_DATASET SECTION_.
____

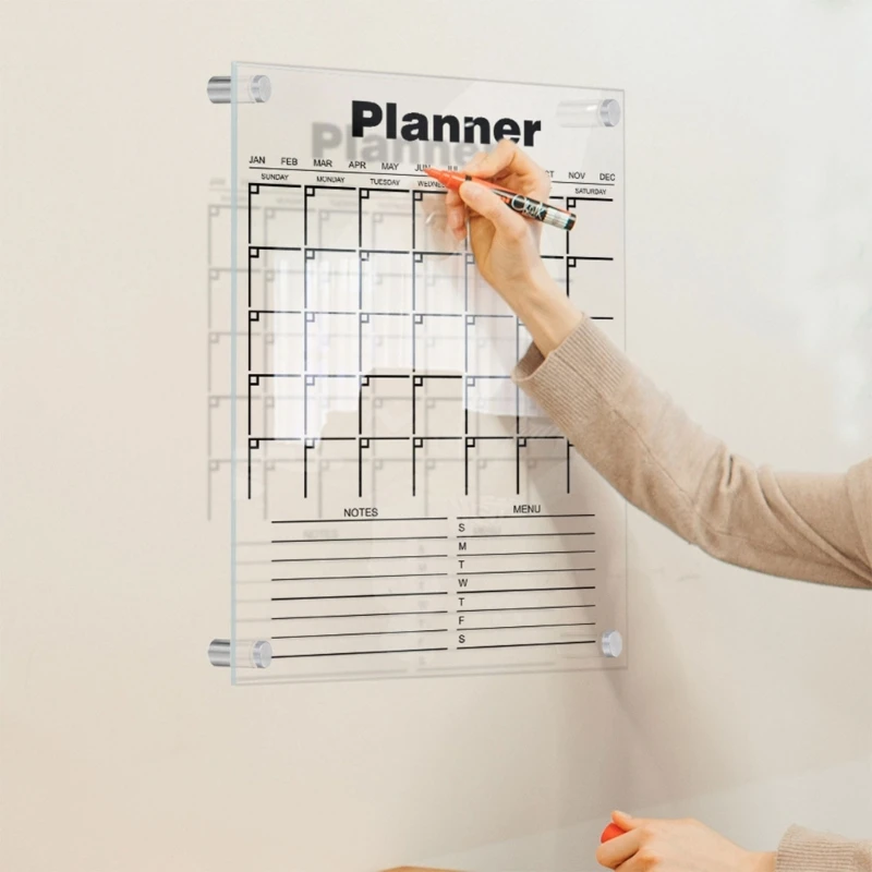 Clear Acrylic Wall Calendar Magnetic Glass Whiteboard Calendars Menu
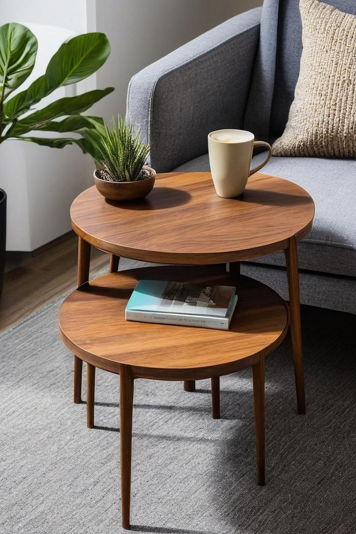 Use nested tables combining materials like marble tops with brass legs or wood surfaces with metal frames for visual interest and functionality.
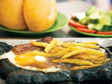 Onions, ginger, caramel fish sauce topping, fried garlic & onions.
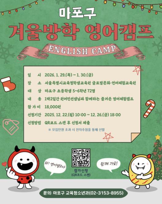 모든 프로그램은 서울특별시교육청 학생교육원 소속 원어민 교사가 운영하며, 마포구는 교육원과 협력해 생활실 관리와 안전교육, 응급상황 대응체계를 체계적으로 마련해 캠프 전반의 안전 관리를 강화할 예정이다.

____

_GOAL OF THE EXERCISE_. Your reply should consist solely of the lines from the one containing "Onions, ginger, caramel" through the last line of the material, reproduced exactly and without pictures.

_ANSWER TO THE PROBLEM_.
 Onions, ginger, caramel fish sauce topping, fried garlic & onions.
 모든 프로그램은 서울특별시교육청 학생교육원 소속 원어민 교사가 운영하며, 마포구는 교육원과 협력해 생활실 관리와 안전교육, 응급상황 대응체계를 체계적으로 마련해 캠프 전반의 안전 관리를 강화할 예정이다.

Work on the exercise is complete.